吕芝莹坐在茶几前,不一会儿,花厅里就茶香四溢。
这亲密又轻松的氛围让出外三年的姜岱阳差点控制不了心里的激动,此景是身在外地的他一直惦记想念的。
他垂下眼,端起花梨木桌上的茶盏喝了一口,调整翻涌的心绪后,侃侃而谈这些年的打拼,以及午夜梦回时,总想着回来看他们,但又想要做出更多的成绩,时日一久便练就一身本领,看人、看帐及管人都很上手。
如今几个地方如彦城、真定、甘州、南昌都有寻宝坊、晨光车行及船行、晨光镖局,营利极好,赚来的钱除了大半存入钱庄外,就是购置店铺及田庄,店铺有的是转做些小牛意,有的租人,至于田庄,就完全租给当地农人,进益也算丰厚。

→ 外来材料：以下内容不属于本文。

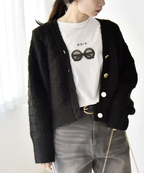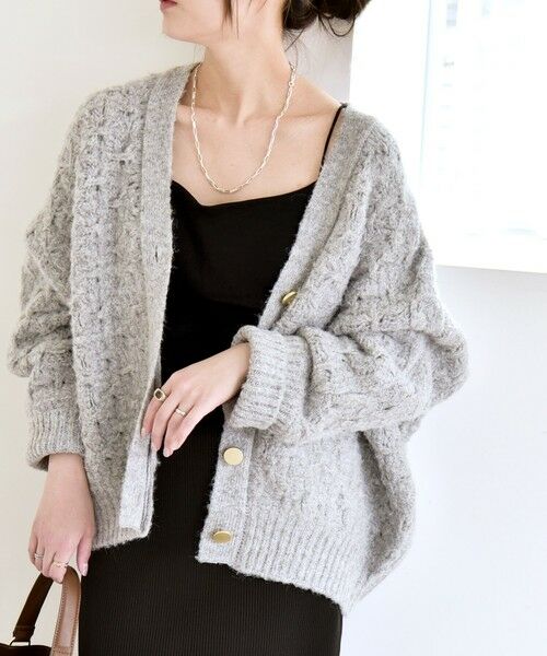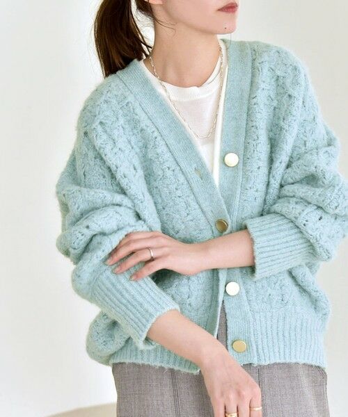 レース編みのような柔らかく立体感のある編地が特徴のニットカーディガン。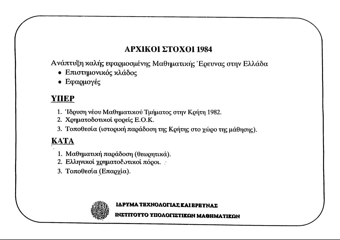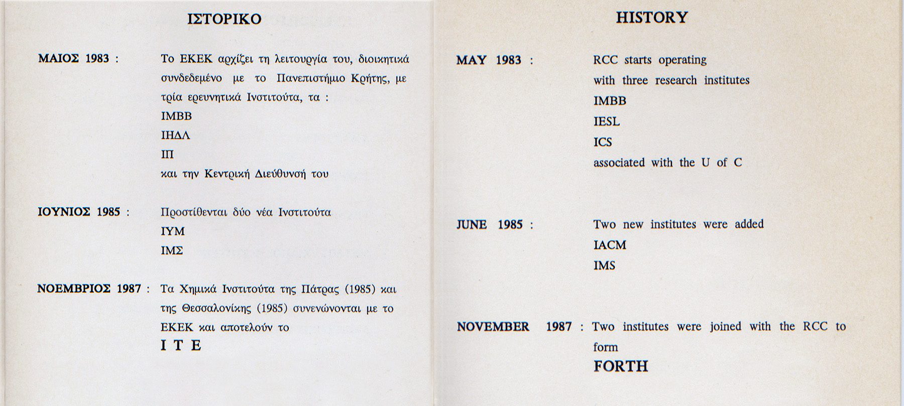 The FORTHistory 1983-2023 research project explores FORTH’s historical, institutional and scientific trajectories during the last forty years in Greece and abroad. It is conducted by a team of scholars collaborating with the Department of the History of Technology of the Institute for Mediterranean Studies (IMS-FORTH); it is headed by the Director of IMS-FORTH, Professor Gelina Harlaftis and directed by Dr Spyros Tzokas. In order to achieve the two-years’ research goal (2021-2023) that will lead to the publication of an anniversary volume, IMS-FORTH maintains an extensive collaboration with experts and researchers in History of Modern & Contemporary Science, Technology, Medicine (post-doctoral, doctoral and post-graduate fellows) of the Department of History and Philosophy of Science of the National Kapodistrian University of Athens and has the institutional academic support of the Department of History of the University of Crete.

他手下有多名管事,帐册大约三个月至半年交一回帐,凭借这些年的经商经验,分工分酬,适时给予职权,加上他找来的都是能人,将他的产业打理得有声有色,日进斗金,而一切能成功,井然有序,他都将这些经营得宜的功劳归功于养父的倾囊相授。
前世姜侑牺牲他一人,将他的财产,尤其是寻宝坊的巨额利润拿去做人情交际。为了搭上海贸这艘船,愿意合作的可不乏皇族贵人,姜家那些废物因而各有成就,庆安伯府更是蒸蒸日上,重新回到权贵圈中。
这一世,他积极培养人手,文武俱有,也掌握各地资讯,绝不让自己再落入前世那四面楚歌又悲惨的地步。
方辰堂严肃惯了,但养子有此成就,他真心高兴,眉眼间柔和许多,“长江后浪推前浪,你的成就比父亲好,不必客气,你真的很好。”
两世以来第一次得到养父正面肯定,姜岱阳喉间酸涩,暗暗吸气。
“真的,弟弟很好,大哥虽在内宅,但小厮说了,弟弟的种种事迹在穆城内外都传开了。”方泓逸也引以为豪。